3.1 Data Storage
We propose a hybrid (row-column) two-layered cloud-enabled data storage structure. Each of these layers is designed to store a special set of DICOM attributes. For that, we decompose DICOM attributes into three categories: (1) Mandatory/frequently used attributes (2) frequently accessed together attributes; and (3) optional/private attributes. Then, we propose the most appropriate layer to store each of them. We link these two layers by creating an internal unique identifier (row-id) that allows us to reconstruct our DICOM files. Both layers are cloud-based, which ensures the elasticity and fault tolerance (e.g. GFS [16] stores automatically several copies of data on geographically separated areas, so a server crash is not a problem). As a consequence, that will ensure the needed availability of medical data at any time. Another important aspect is the pay-per-use feature. A good level of normalization of our data and the choice of the appropriate cloud-enabled storage system for each layer could reduce enormously the storage cost.
3.1.1 Row-oriented layer:
We propose to store mandatory/frequently used attributes and the frequently accessed together attributes (e.g. patient name, birthdate) in a row-oriented database. As a result, we improve the query execution time, by minimizing the tuple reconstruction time for the attributes that are frequently accessed together. The advantage of this layer is its write-optimized feature (each tuple insertion in row-oriented databases needs one disk block I/O for insertion alone). Thus, having a lot of inserts over this layer will not be challenging. For example, if we have one thousand DICOM files, there will be one thousand inserts in this layer (for the mandatory attributes such as study date). Since we store the frequently used attributes in this layer, daily queries access mostly this layer. Sharded DB, like Azure or RDS, is candidate solution for such a layer. However, in order to reduce cost and have a more scalable solution, our current study focus on shared nothing MapReduce based approaches like Pig, Hive or Jaql.

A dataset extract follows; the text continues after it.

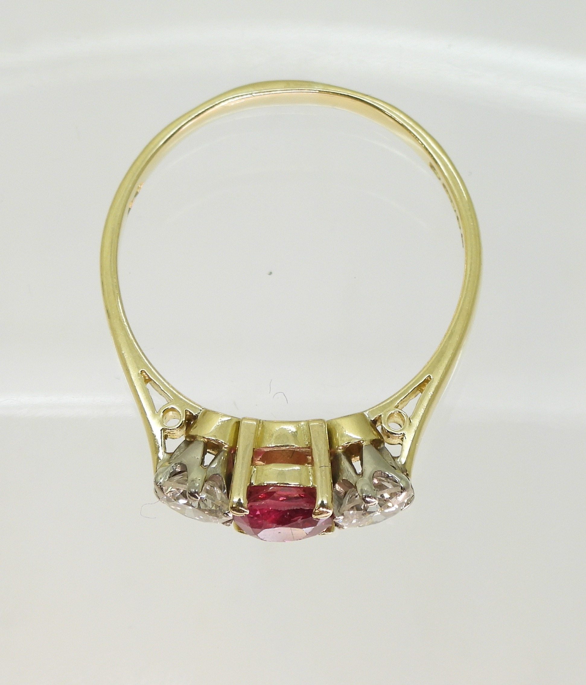 light general wear, Diamonds both have a couple of tiny carbon dots, and a couple of clear feather type inclusions, ruby has some abrasions to the top facets and a couple of crystal inclusions, please see condition report images

3.1.2 Column-Oriented Layer
Optional/private attributes vary enormously from one medical file/center to another. For this highly heterogeneous attributes we propose storing them in column-oriented databases. Only non-null attributes values will be inserted into their corresponding columns (which improves significantly the performance). Therefore, this model copes perfectly with our heterogeneous data. This layer offers the ability to perform efficiently ad-hoc queries since column-oriented databases are OLAP-optimized. Additionally, it provides a good solution for the evolutive schema issue, since each column is stored in a separate disk block, so adding new columns is not challenging. Attributes stored in this layer are less frequently accessed together, so we minimize the result reconstruction time. Examples of possible implementation are BigTable, Cassandra, Vertica, HBase, and HyperTable. In fact, the high cost and proprietary features of Vertica and BigTable and the OLTP workload orientation of Cassandra lead us to focus on the other systems (HBase, HyperTable).
3.1.3 Column Mover
Our proposal includes a column mover, the column mover is a process that moves (when necessary) some attributes from the row layer to the column layer and vise versa according to: DICOM's evolutive schema, the previous queries and the data (for example optional attributes initially stored in the column layer which are in practice used in most of files can be moved to the row level). This process can be performed periodically (i.e. each month) to maintain the best distribution of attributes over this structure. The implementation of this process includes some important issues such as determining when to execute this process (ideally at off-peak time), under which conditions, and how to treat currently running and incoming queries while executing this process.